Posted: Thu 11th Apr 2024

Conwy council cabinet rejects call to grit Great Orme as first-priority route

North Wales news and information

Conwy Council’s cabinet threw out a call from Llandudno councillors to grit the Great Orme as a first-priority route during cold weather, despite fears elderly people could be stranded.
Two weeks ago, councillors Louise Emery, Mandy Hawkins and Harry Saville signed a petition calling for the cash-strapped council to grit the Orme’s Ty Gwyn Road.
The petition was discussed at a scrutiny committee meeting at Bodlondeb and was debated again this week by Conwy’s cabinet who threw out the idea as a “waste of taxpayers’ money”.
According to councillors Emery, Hawkins and Saville, the steep Ty Gwyn Road becomes hazardous in icy conditions and residents are left isolated.
Cllr Hawkins pleaded with the cabinet to consider gritting Ty Gwyn Road as a first-priority route.
“The part of the ward that covers the Orme is the Gogarth ward, and within the Gograth ward, we have got 3,522 residents; however, only 1,490 of them are up on the Orme; 625 of them are over 65, so we are talking about a community,” she said.
“It is a community that has businesses up there, a regular bus route, and a pupil referral unit school.
“Since being elected, I have been pushing – I won’t apologise – for the safety of our residents and staff, to ensure that the community aren’t cut off when bad weather occurs.
“We also have to think about the amount of elderly residents we have got up there means we are more likely to be needing ambulances or the fire service.
“If they (ambulances and fire engines) need to get up there in an emergency, they need a safe route.
“What we are asking for with the call-in action is just for the Ty Gwyn Road to be gritted. That is the main steep route up there.
“By having this gritted as a first-priority route, it would keep it accessible for residents, emergency services, business users and our own staff.

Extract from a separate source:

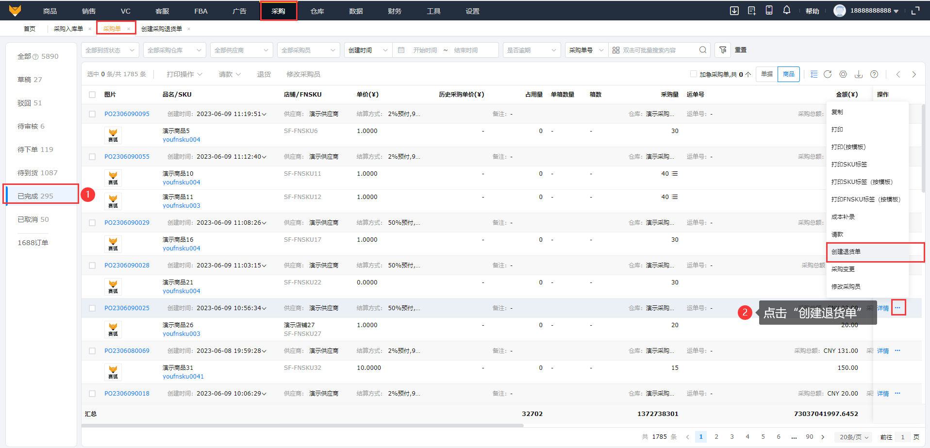 (1)入口1:【采购】> 【采购单】> 【已完成】> 点击“更多”中的【创建退货单】

It would be safe and free from ice-related hazards.”
Cllr Hawkins said she acknowledged it was difficult for larger gritters to go up the Great Orme but argued tractors could.
She added: “It is about the difference between safety and chaos.”
Cllr Emery said the scrutiny committee had asked not only for Ty Gwyn Road to be gritted but a review for all the gritting routes in Conwy.
Cabinet member for roads Cllr Goronwy Edwards said: “There are many communities in the same position as the Orme, and their health and wellbeing are just as equally important to the council as a whole, but we adopted the position of keeping all our primary routes open.
“The Orme itself is barely a few hundred yards from the town centre where people can access vital services.
“We give ample warning in advance of inclement weather for people to get provisions into their property if they are likely to be cut off for any length of period.
“But the fact is the Great Orme is never cut off for any length of period, and if we put it onto the primary route, it means it will be regularly gritted as a waste of public funding.”
Cllr Edwards also said salt sitting on the tarmac was needlessly damaging to the road.
Council officer Andrew Wilkinson said Conwy would need an additional vehicle to access the steep Ty Gwyn Road as well as staff.
He added that other areas would need to be considered if the Orme was gritted as a first-priority route.
He added: “My professional opinion is there are other areas in the county with at least an equal call for gritting as Ty Gwyn Road.
“But it is possible to review the winter maintenance plan.
“The cost of that would probably be £20,000-£30,000 to do that piece of work.
“But don’t do that unless you are willing to spend the £100,000-£200,000 on an eleventh gritting route.”
Cllr Chris Cater said the Llandudno members had made a good case for gritting the Orme but added backing the proposals would mean other communities not on the gritting route would also need to be considered, at an even greater cost.
Leader Cllr Charlie McCoubrey added: “There is clearly a significant cost.
“There are clearly advantages to doing that (gritting the Orme), but we have to balance whether that is an effective use of taxpayers’ money.
“Even if we weren’t in the budgetary situation that we are in… I don’t know how many days we are talking about, one, two, three days a year.
“Do we spend that money to get that access for those numbers of days? I don’t know.
“It could be more, but I think we’ve got to be realistic here. I think we are opening ourselves up to having to look at (gritting) many, many areas.”
Mr Wilkinson said the Orme was a secondary route and that, when conditions were severe and likely to persist for several days, it would be gritted by a tractor.
Cllr Saville said he was disappointed with the decision.
The cabinet voted in favour of keeping gritting routes the same and not gritting the Great Orme as a first-priority route but to review the situation periodically.